Feds slash job gain estimates by $800K

WASHINGTON  — The U.S. economy added 818,000 fewer jobs from April 2023 through March this year than were originally reported, the government said Wednesday.

The revised total adds to evidence that the job market has been steadily slowing and likely reinforces the Federal Reserve’s plan to start cutting interest rates soon.

The Labor Department estimated that job growth averaged 174,000 a month in the year that ended in March — a drop of 68,000 a month from the 242,000 that were initially reported. The revisions released Wednesday were preliminary, with final numbers to be issued in February next year.

The downgraded estimate follows a jobs report for July that was much worse than expected, leading many economists to suggest that the Fed had waited too long to begin cutting interest rates to support the economy. The unemployment rate rose for the fourth straight month, to a still-low 4.3%, and employers added just 114,000 jobs.
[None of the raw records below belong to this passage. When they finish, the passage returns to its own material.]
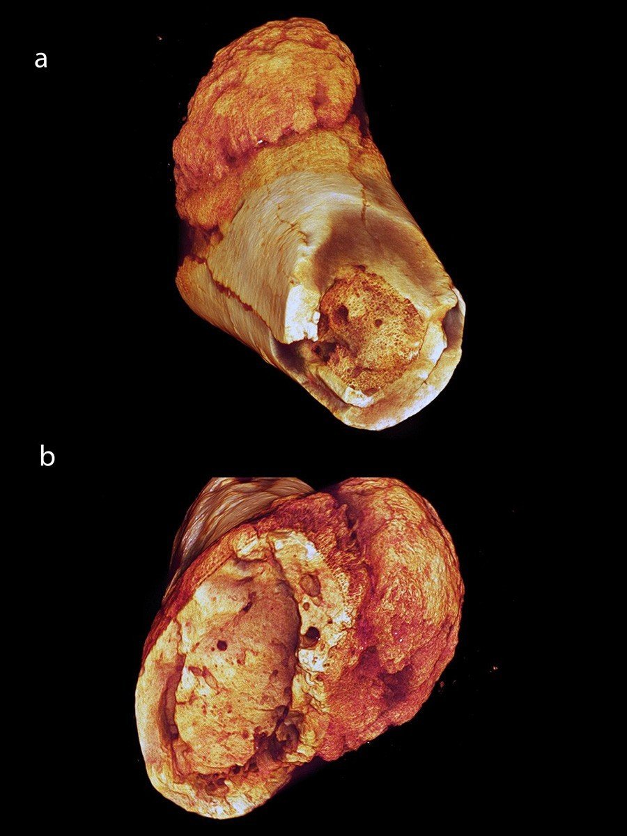 Sono tante le difficoltà che si incontrano quando si cerca di identificare un cancro in un reperto fossile, amplificate anche dal fatto che i frammenti disponibili sono spesso molto piccoli e che si sa poco o nulla sul “paziente”. Solo la tecnologia riesce a trovare risposta a molte delle domande dei “paleoncologi”: nel caso dell’osteosarcoma scoperto in Sud Africa, ad esempio, la diagnosi è stata possibile grazie all’utilizzo di una microtomografia computerizzata a raggi X in grado di generare immagini in due e in tre dimensioni del piccolo campione disponibile. Questa tecnica, unita al confronto con campioni moderni, ha permesso di scartare altre possibili diagnosi e di arrivare al risultato definitivo.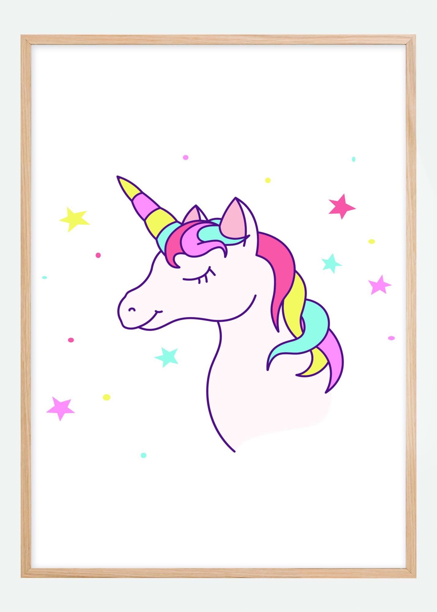 En finurlig poster med en enhörning med slutna ögon på en vit bakgrund. Enhörningen har en gul, blå och rosa man och horn. Det finns också stjärnor i samma färger som är utspridda bakom och skapar en söt magisk bild. Den är perfekt i en barnkammare, eftersom det är en enkel rolig teckning.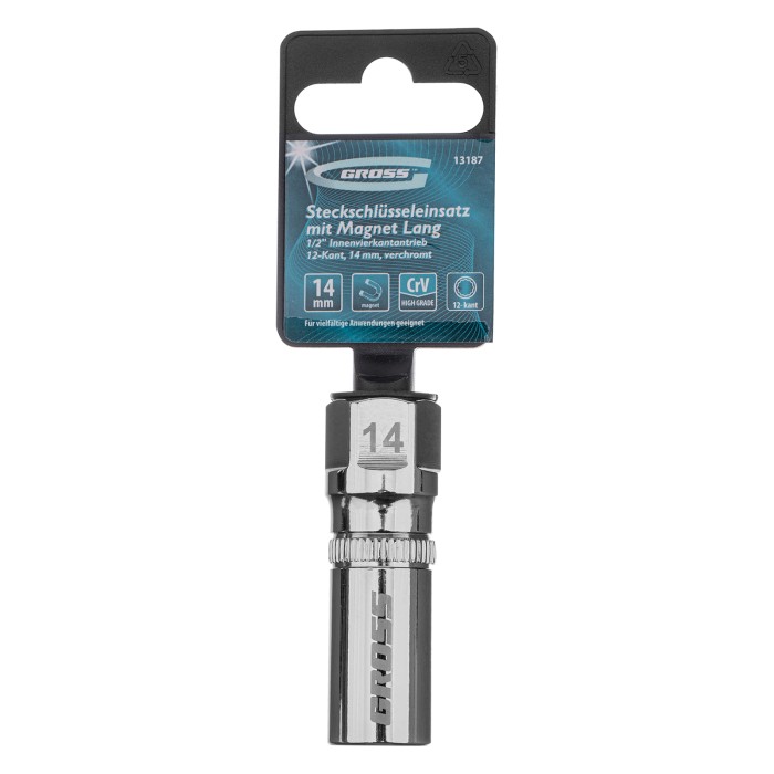 Свечная торцевая головка Gross 13187 под квадрат 1/2 дюйма, магнитная, 12-гранная, размером 14 мм, пригодится автомобилистам для замены и чистки свечей зажигания. Благодаря магнитному держателю позволяет надежно зафиксировать и быстро извлечь свечу. Торцевая головка длиной 65 мм и с 12-гранным зевом удобна для работы в ограниченном пространстве.ПреимуществаПрочность — торцевая головка из высококачественной стали CrV-группы устойчива к нагрузкам.Долгий срок службы — полированное хромовое покрытие предотвращает образование коррозии и защищает головку от разрушения.Комфортная работа — головка не выскальзывает из рук благодаря специальным насечкам на корпусе.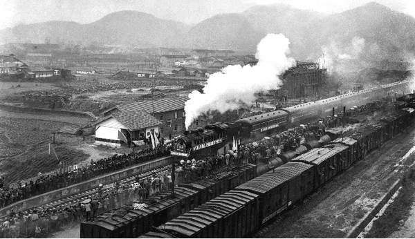 1978年,火車首次進入湘西州州府吉首,一輛冒著滾滾白煙的蒸汽火車在城區(qū)穿行,鐵路兩旁站滿了揮舞著花束的人群。新華社記者 唐克立攝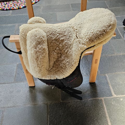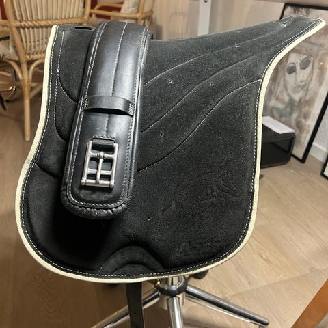 Christ ibirica Lammeskind bomløs ridesadel i naturfarvet lammeskind med sort underside og gjordstropper. Sadel uden fast bom, der former sig efter hestens ryg. Udstyret med flere gjordhuller til justering samt ringe til fastgørelse af evt. tilbehør. Velegnet til ridning, hvor der ønskes tæt kontakt til hesten og blød siddekomfort. Str pony (stor i str synes vi) evt bøjler på sidste foto kan medfølge hvis ønsket.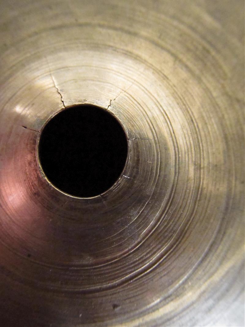 It is old and dirty and has a few hair line cracks at the hole on the bell.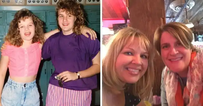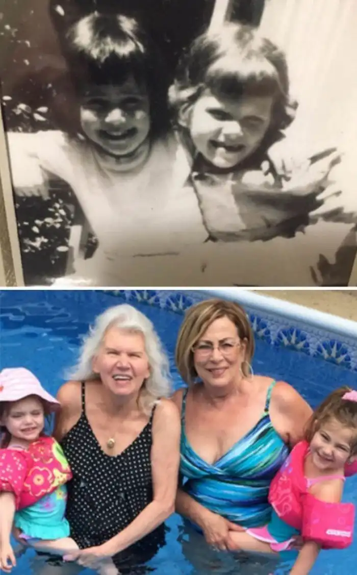 Две фотографии лучших подруг, сделанные с разницей в 38 лет (1978 – 2016).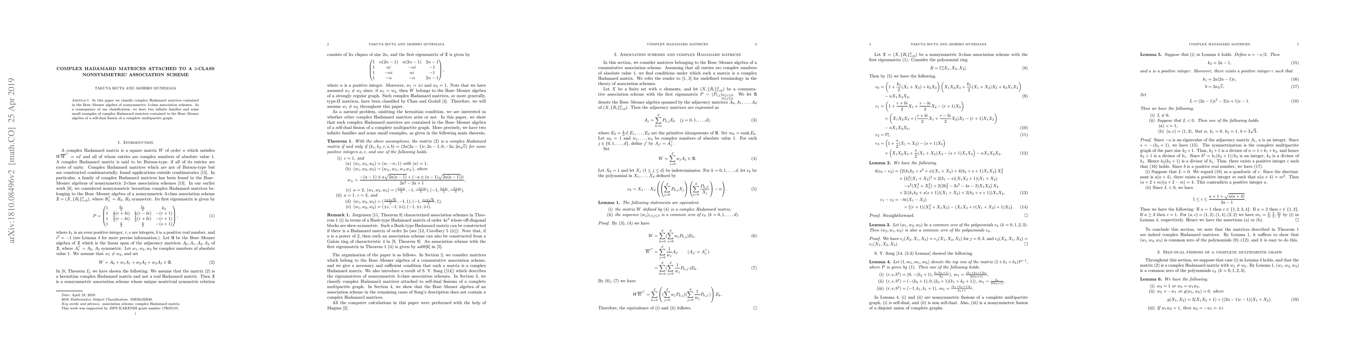 This paper classifies complex Hadamard matrices within the Bose-Mesner algebra of nonsymmetric 3-class association schemes, identifying two infinite families and several small examples from self-dual fissions of complete multipartite graphs.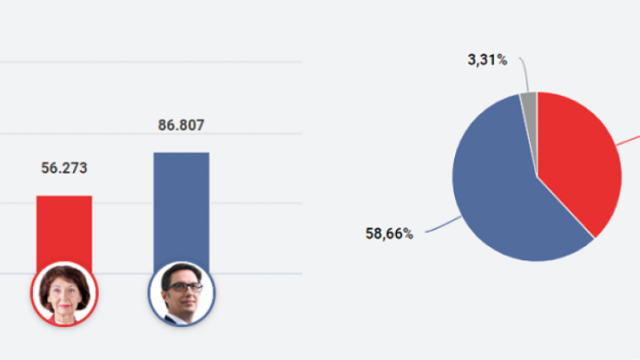 Stevo Pendarovski ka fituar: 86.807 vota apo 58,66% të votave të numëruara.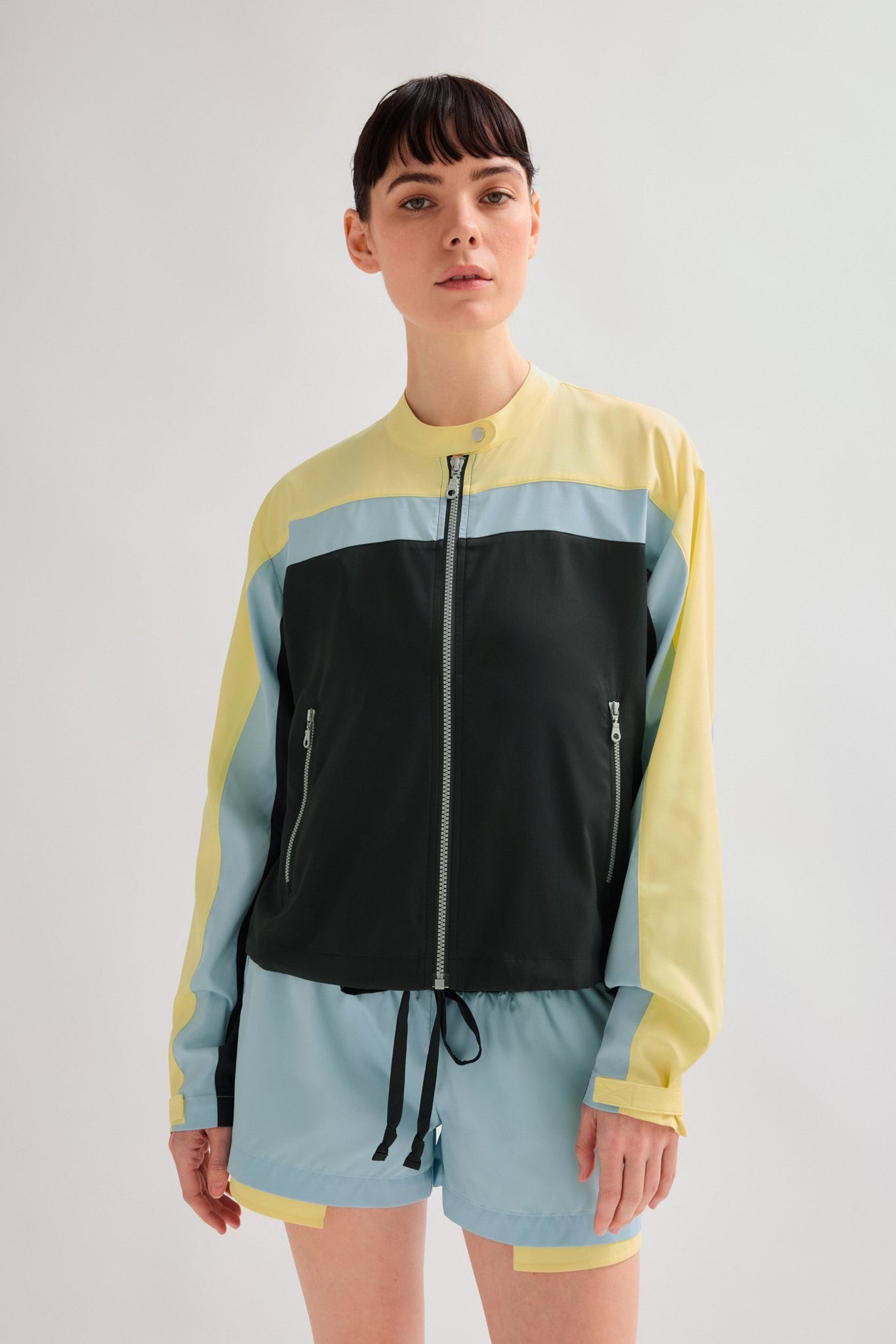 I love this racer style - I was looking at a leather jacket with this exact design but but this is so much better. light weight enough for year-roud wear and stylish enough to wear out. people don't realize it's a windbreaker and i get so many compliments. it folds up easily into a small purse if I get too hot. i love it.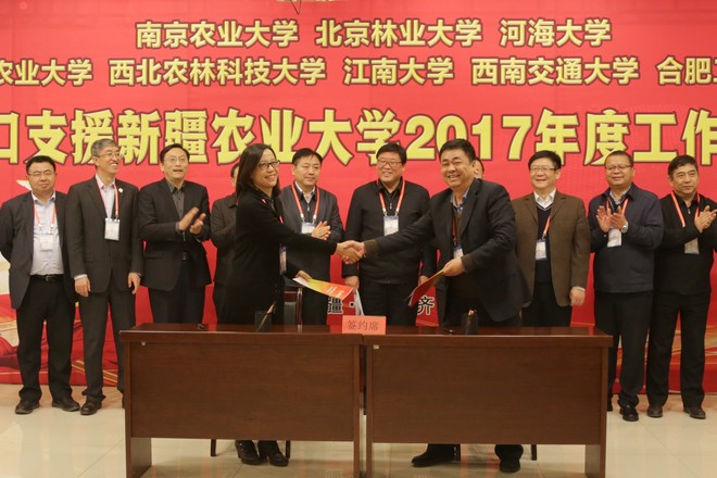 此次年会共签署了12项协议,其中我校与新疆农业大学签署了《对口支援战略合作框架协议》《党建与产学研共建协议》等2项协议。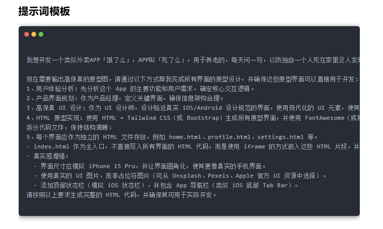 他告诉 Claude 大模型,自己想开发一个类似 “饿了么”的App,改名叫死了么,App每天问一句“你挂了吗?”,没回应就视为挂了,然后这个App也有骑手,哪里有人死了就去接单收尸。然后提示,这个App专门为独居 90 后的年轻人设计的,风格要求清新好看、App 内的文案多用搞怪的网络用语。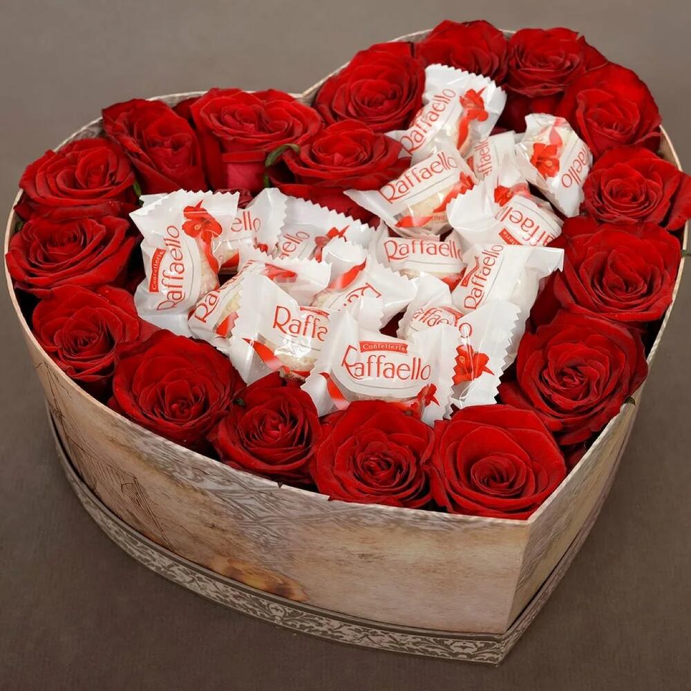 Роза Россия - 17 шт. Коробка сердце - 1 шт. Оазис флористический - 2 шт. раффаэлло 150 гр - 1 шт.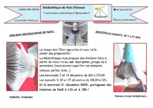 Atelier déco de Noël 15 Juil, 2025 12/07/2022Atelier déco de Noël16 h 00 min - 17 h 30 minouvert à tous, de 16h00 à 17h30 à la Médiathèque Evénements
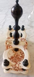 Oliera francese inizio XX sec. In ceramica Terre de Fer colore panna con disegno rosso-marrone e colonnine in legno tornite e laccate colore ebano.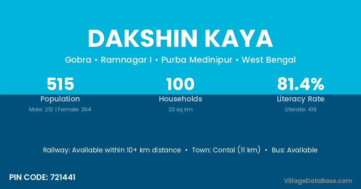 Contai (11 km) is the nearest town to Dakshin Kaya village for major economic activities and is located approximately 11 km away.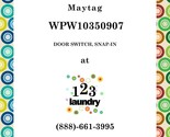 123 Laundry Solutions carries commercial laundry parts for all major brands. We offer commercial washer parts and commercial dryer parts at discounted prices. Purchase this Maytag-WPW10350907-DOOR SWITCH, SNAP-IN to repair your commercial laundry equipment and save money today.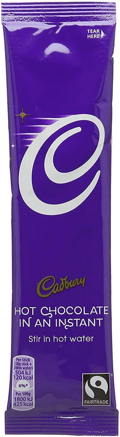 Delicious Cadbury Hot Chocolate Sachets, 12-Pack A more convenient version of your favorite Cadbury hot chocolate. Simply add water for the smooth, creamy taste of Cadbury hot chocolate. This handy 28g sachet of Cadbury instant hot chocolate is Fairtrade certified. Suitable for vegetarians. Sugar, Cocoa Powder 13 , Whey Powder (from milk), Glucose Syrup, Skimmed Milk Powder, Coconut Fat, Milk Chocolate 4 [Whole Milk Powder, Sugar, Cocoa Mass, Cocoa Butter, Vegetable Fats (Palm and Shea in various proportions), Emulsifiers (E4442, Sunflower Lecithin), Flavorings), Palm Lecithin), Flavorings), Fat), Milk Proteins, Anti-Caking Agent (E551), Flavorings, Emulsifier (E471), Stabilizer (E339), Sugar, Cocoa: Fairtrade certified, total 56.5 INSTRUCTIONS FOR USE Simply stir in hot waterCadbury Lot de 12 bâtons de chocolat chaud instantané 28 gDESCRIPTION DU PRODUIT DESCRIPTION DU PRODUIT Delicious Cadbury Lot de 12 sachets de chocolat chaud Une version plus pratique de votre chocolat chaud Cadbury préféré. Ajoutez simplement de l'eau pour le goût doux et crémeux du chocolat chaud Cadbury. Ce sachet pratique de 28 g de chocolat chaud instantané Cadbury est certifié Fairtrade. Convient aux végétariens. Sucre, Poudre de cacao 13 , Poudre de lactosérum (à partir de lait), Sirop de glucose, Lait écrémé en poudre, Graisse de noix de coco, Chocolat au lait 4 [Lait entier en poudre, Sucre, Masse de cacao, Beurre de cacao, Graisses végétales (palme et karité dans diverses proportions), Émulsifiants (E4442, lécithine de tournesol), Saveurs), Élithine de palmierne), Saveurs), Graisse ), Protéines de lait, Anti- Agent de Caking (E551), Arômes, Emulsifiant (E471), Stabilisateur (E339), Sucre, Cacao: Échangé conformément aux normes Fairtrade, total 56,5 MODE D'EMPLOI Il suffit de remuer dans de l'eau chaude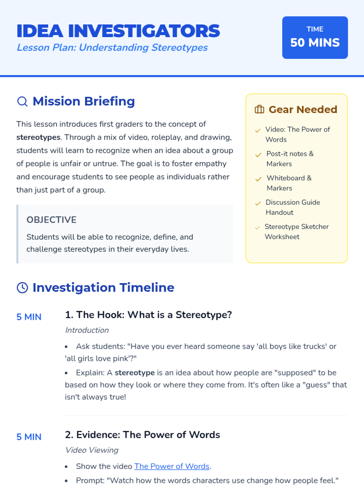 This lesson introduces first graders to the concept of stereotypes, helping them recognize and challenge preconceived notions through video, discussion, and hands-on activities. Students will explore how words affect others and learn to appreciate individuality over generalizations.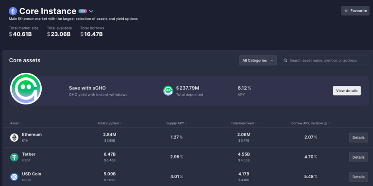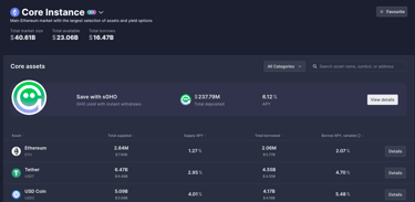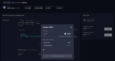 成功連接後,您需要根據您 USDC 資產所在的鏈,選擇對應的區塊鏈市場(Market)。接著,在資產列表中找到 USDC,點擊右側的「Details」按鈕。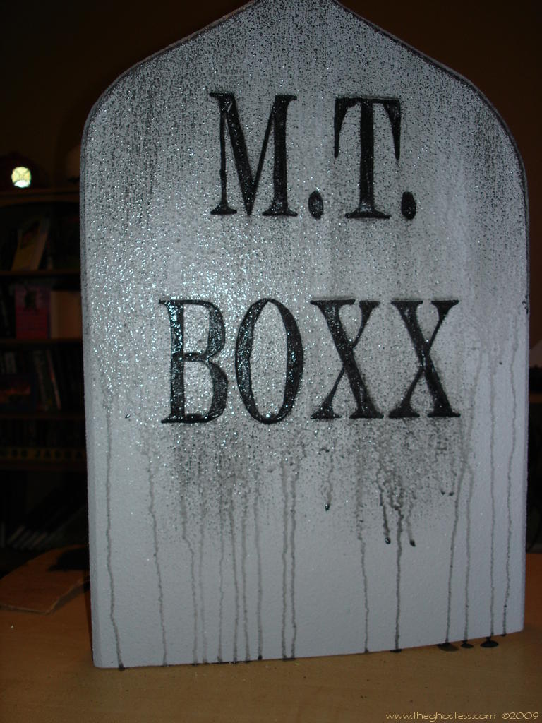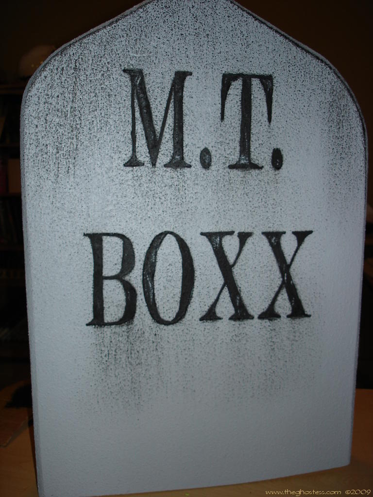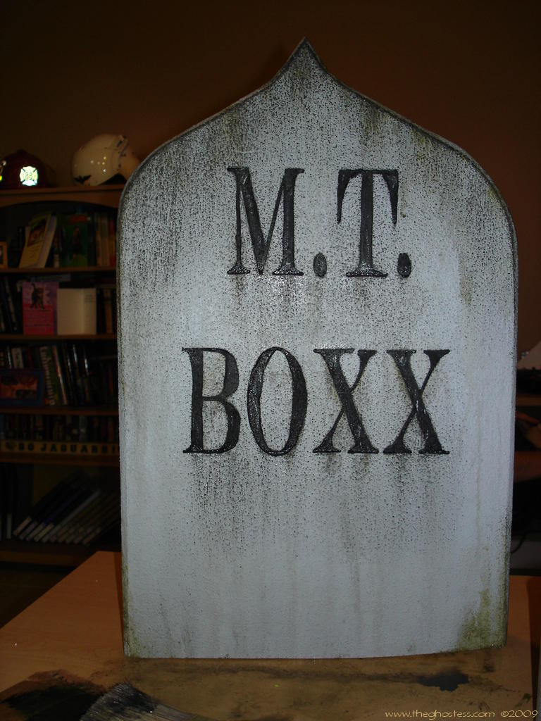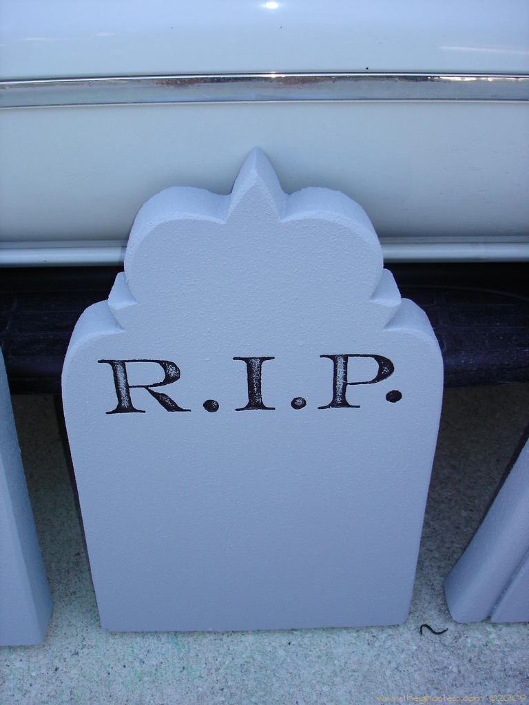 Now I use a spray bottle with water to help get that old dirty look. I spray the tombstone with a mist of water first. Then I take a stiff paint brush and dip it in the black paint and wipe off the excess on a scrap piece of cardboard (just like above). This time however, I run the paint brush down the whole tombstone. I spray over that very lightly with the water, and let it run, drip and dry. Then I repeat that process with some pea-green paint mixed with black paint. I do this only in some spots just to give it that mossy green staining that I've seen on some tombstones and statuary. Then I follow up with more black wherever I think it needs more or it ran too much before. This is where you just work with it until it looks good. It will need time to cure so that the paint doesn't wear off, so let them dry at least 24 hours before setting up in the yard. You can also add stuff with hot glue to your tombstones, like moss, to give it that creepy look. Anyway, there ya have it - the new and improved tombstones from The Dead End. As I learn new stuff, I'll add to the pages here. |

The Fed raised its benchmark rate 11 times in 2022 and 2023 to fight inflation, which hit a four-decade high more than two years ago. Year-over-year inflation has since plummeted — from 9.1% in June 2022 to 2.9%, clearing the way for the Fed to begin cutting rates when it next meets in mid-September.

Former President Donald Trump has said the Fed shouldn’t cut rates so close to an election. But Federal Reserve Chair Jerome Powell has repeatedly underscored that the central bank would make its rate decisions based purely on economic data, without regard to the political calendar.

Sen. Elizabeth Warren urged Powell to cut rates at the Fed’s July meeting. She said that delaying a cut when it’s warranted by the inflation data would itself be a political act.

The revised hiring estimates released Wednesday are intended to better account for companies that are either being created or going out of business.

“This doesn’t challenge the idea we’re still in an expansion, but it does signal we should expect monthly job growth to be more muted and put extra pressure on the Fed to cut rates,” said Robert Frick, economist at the Navy Federal Credit Union.

Most members of the Fed think it’s time to cut rates, according to minutes from the board’s July meeting.

The transcript, also released Wednesday, said the “vast majority” of policymakers “observed that, if the data continued to come in about as expected, it would likely be appropriate to ease policy at the next meeting.

In July, the policymakers kept their benchmark rate at 5.3%, a near-quarter-century high, where it’s stood for more than a year.

Most analysts think Powell will signal in a speech Friday that the Fed has become confident that inflation is headed back to its 2% target and might even give some hint about how many rate cuts could happen this year. When he held a news conference after last month’s Fed meeting, Powell had suggested that a broad range of policy moves were possible, from “zero cuts to several cuts,” by year’s end.

In the job number revisions, new professional and business services jobs — a broad category that includes managers and technical workers — were reduced by 358,000 in the 12 months that ended in March. Leisure and hospitality employers — including hotels and restaurants — added 150,000 fewer than first reported.